别用父爱绑架我,让我恶心!
万魔谷远在千里之外,凡人穷极一生也无法抵达。
陆沉看着跪在地上,眼神炙热的顾渊,随手一挥。
“走吧。”
话音落下,原本空旷的城主府废墟上空,光线微微扭曲,一座看不出材质,通体散发着温润白光的浮空玉台凭空出现。
它没有华丽的雕饰,也没有惊人的异象,就那么静静地悬浮在那里,仿佛亘古以来便存在于此。
然而,就是这看似平平无奇的玉台,却让刚刚还满心绝望的顾景山,瞬间如见鬼魅。
他感受不到任何阵法波动,也看不出是何种法宝,但这东西出现的瞬间,周围的空间法则都仿佛被其驯服,变得温顺无比。
这是凭空造物?
一个荒谬而恐怖的念头,在他脑海中炸开。
他终于意识到,自己招惹的,根本不是什么过路的高手,而是一个他连想象都无法触及的,了不得的存在。
悔恨,如同冰冷的毒液,瞬间淹没了他全身。
顾渊也被眼前这一幕震撼得无以复加,他呆呆地看着那座玉台,又看了看云淡风轻的陆沉,心中的崇拜,已经到了无以复加的地步。
“走。
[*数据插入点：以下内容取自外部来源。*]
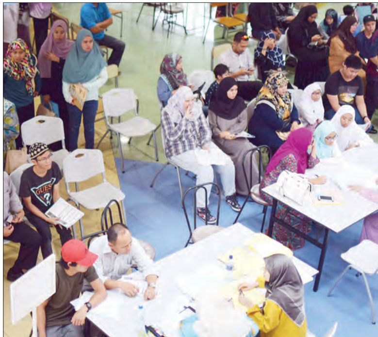
PUSAT Tingkatan Enam Meragang (PTEM) semasa mengadakan Hari Terbuka dan menjemput para ibu bapa, penjaga dan juga pelajar bagi kemasukan Sesi 2017 / 2018 di ruang lobi, PTEM.

BANDAR SERI BEGAWAN , Isnin, 6 Februari. - Pusat Tingkatan Enam Meragang (PTEM) mengadakan Hari Terbuka dan menjemput para ibu bapa, penjaga dan juga pelajar bagi kemasukan Sesi 2017 / 2018 bertempat di ruang lobi, PTEM.
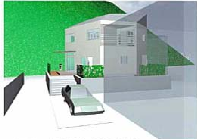
●アプローチより見る 外壁：サイディング 2階7-7m² 55m²は北側
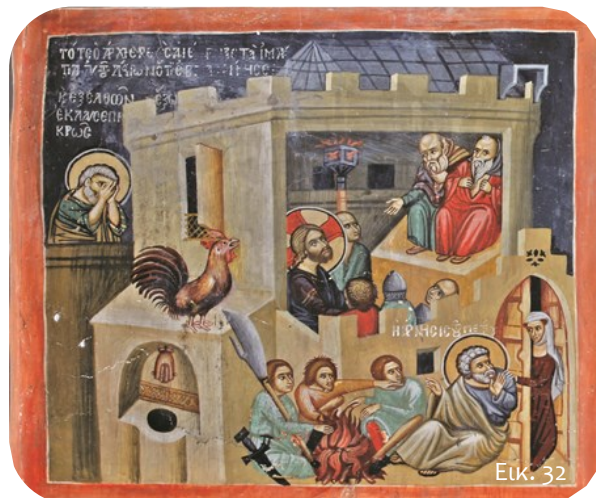
Η άρνηση του Πέτρου
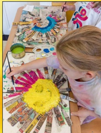
ČERTOVSKÉ REJDEŇÍ VE ŠKOLE
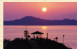
エデンの海の夕日
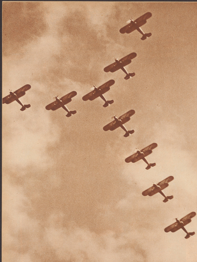
Geometrie im Luftraum. Ein wundervolles Detail aus dem schwungvoll durchgeführten Programm der italienischen Neuner-Staffel unter Anführung von Hauptmann Aldo Remondino. Geométrie dans l'espace. L'une des remarquables formations de l'escadrille italienne sous la conduite du Capitaine Aldo Remondino.
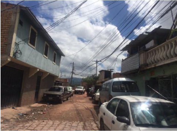
Vista de tramo donde se une pavimento de concreto hidráulico con white topping.
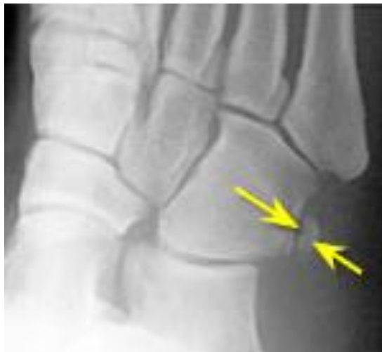
Slika 2. Kosa rendgenska snimka stopala: os peroneum označena strelicama (preuzeto 05.05.2018. s http://www.foot-pain-explained.com/os_peroneum.html )

veliki tuberculum peroneale na kalkaneusu. Bol je lokalizirana, ali može se širiti i proksimalno duž tetive. Pojačava se u plantarnoj fleksiji, kao i pri inverziji i adukciji što čini poteškoće pri hodanju. Dijagnoza se postavlja kosom radiološkom snimkom (slika 2.), a mogu se koristiti i scintigrafija i CT. Ozljede peronealne tetive mogu se dijagnosticirati ultrazvukom koji je jednostavna i jeftina metoda pa se najčešće koristi, ali najbolje se vide na MR-u. Konzervativno liječenje, koje uključuje imobilizaciju longetom, trakama ili zavojima, je najučinkovitije ukoliko se s liječenjem započne unutar mjesec dana od nastanka simptoma. Moguća je i kirurška intervencija koja uključuje uklanjanje os peroneum i tenodeza tetive m. peroneus longus. U slučaju prevelikog tuberculum peroneale on se također uklanja.(15)
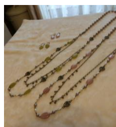
(ビーズアクセサリ)

子育てをしている頃、ママたちとワイワイお茶をしながらトールペイントや小物づくり。たくさん作ってフリーマーケットや幼稚園、学校のバザーにせっせと出していました。今は、そんな時間の余裕がなくなりましたが、時々近所の方と一緒に大好きな手作りの時間を楽しみにしています。
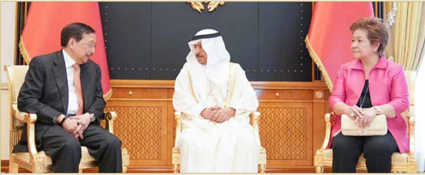
سمو رئيس الوزراء مستقبلاً مبعوث رئيس الفلبين لدول مجلس التعاون

◆ مبعوث رئيس الفلبين يشيد بمواقف البحرين الداعمة لبلاده بمختلف المحافل
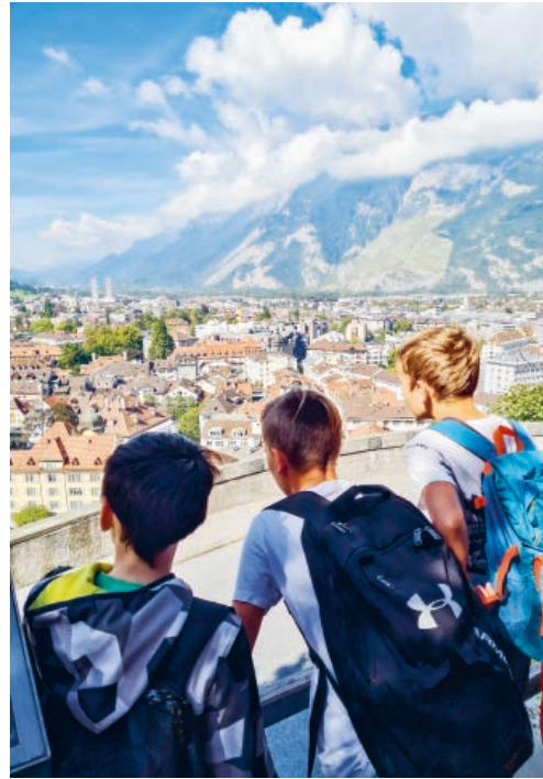
Die Schülerinnen und Schüler verbrachten eine Woche in der Umgebung von Chur.

gewünscht, sanft mit Musik geweckt, bevor sie müde, aber zufrieden zurück nach Degersheim reisten. Die Klasse blickt auf ein gelungenes und erlebnisreiches Klassenlager zurück.
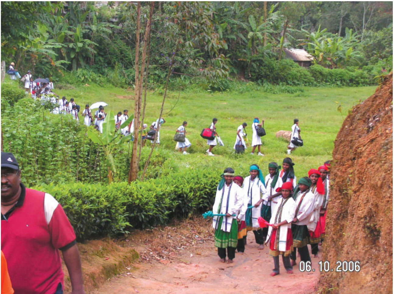
මස්කෙළිය බිලුම්ඟිල්ඩි විදුහල් කඳවුරට පැමිණෙන ඇතුගල්පුරයේ ආරාධිත සිසු සිසුවියන් බිලුම්ඟිල්ඩි විදුහලේ සිසු සිසුවියන් විසින් පිළිගත් අවස්ථාවේ පිකල්ලි ප්‍රතිපත්ති කේන්ද්‍රය

කිසි දා පහසු විඳ හැකි බිලුම්ඟිල්ඩි විදුහල් බිමෙහි ඇතුගල් පුර දැරුවන්ගේ පා ගැටෙන මොහොත අසිරිමත් දසුනක් මවා පෑවේ ය.

”
陆沉的声音再次响起,他已带着宁曦和苏家姐妹,轻飘飘地落在了玉台之上。
顾渊一个激灵,连忙从地上爬起来,像拖死狗一样,拽着已经吓傻的顾景山,踉踉跄跄地跟了上去。
玉台无声无息地升空,吞天城的轮廓在脚下迅速缩小。
以这玉台的速度,恐怕眨眼之间,便能抵达万里之外的万魔谷。
“先生,我们能慢一点吗?”
宁曦站在玉台边缘,看着下方飞速掠过的山川河流,轻声开口。
她来到归墟界后,还从未好好看过这个世界的风景。
“我想看看。”
“好。”
陆沉无所谓地点点头,心念一动,玉台的速度骤然放缓,如同凡间的游船,不疾不徐地飘在云层之上。
他变出桌椅茶具,悠然地给自己和三女倒上清茶。
对这个世界的风景,他其实也颇有几分兴趣。
归墟界,毕竟是魔道横行之地,这里的山水,与仙界截然不同。
山是黑色的,嶙峋的,像一头头匍匐在大地上的狰狞巨兽。水是暗红的,缓缓流淌,仿佛大地的伤口在不断渗出血液。天空时常是灰蒙蒙的,偶尔能看到一轮诡异的紫色月亮高悬,散发着不祥的光芒。
这种诡谲而荒凉的景致,看久了,竟也别有一番风味。
陆沉品着茶,看着风景,神态悠闲,仿佛真的是在游山玩水。
而玉台的另一角,气氛却压抑到了极点。
顾渊死死地盯着被他捆住的顾景山,双眼布满血丝。
他想不通。
他真的想不通。
这个男人,从小教他读书写字,教他修炼功法,在他生病时彻夜不眠地守在床边,在他取得成就时会由衷地为他骄傲。
那个会把他高高举过头顶,笑着说“我的渊儿是天下第一天才”的父亲,怎么会是那个杀害他亲生父母,将他当成药材圈养了二十年的仇人?
“渊儿”
“渊儿”
顾景山终于从极致的恐惧中缓过神来,他看着顾渊,声音嘶哑,眼中带着一丝复杂的情绪。
“你还记得吗?你五岁那年,偷跑出去玩,掉进了冰窟窿里,是我不顾刺骨的寒冷,跳下去把你救上来的。为了给你取暖,我自己的半边身子都冻僵了,足足躺了半个月。”
顾渊的身体一僵,拳头瞬间捏紧。
“你十岁那年,第一次炼丹,炸了丹炉,差点被火烧到,是我用身体护住了你。那道疤,至今还在我背上。”
“还有你十五岁,为了帮你筑基,我”
顾景山的声音越来越低,带着一丝恰到好处的温情和悔意,他试图用这些过往的回忆,唤醒顾渊心中那最后一丝柔软。
宁曦坐在不远处,听着这些话,眉头微微蹙起。
她看了一眼面无表情的陆沉,忍不住传音问道:“先生,您不担心吗?万一万一顾渊心软了”
毕竟是二十年的养育之恩,哪怕是假的,可那些经历和情感,又岂是说放下就能放下的。
陆沉端起茶杯,轻轻吹了吹热气,眼皮都未抬一下。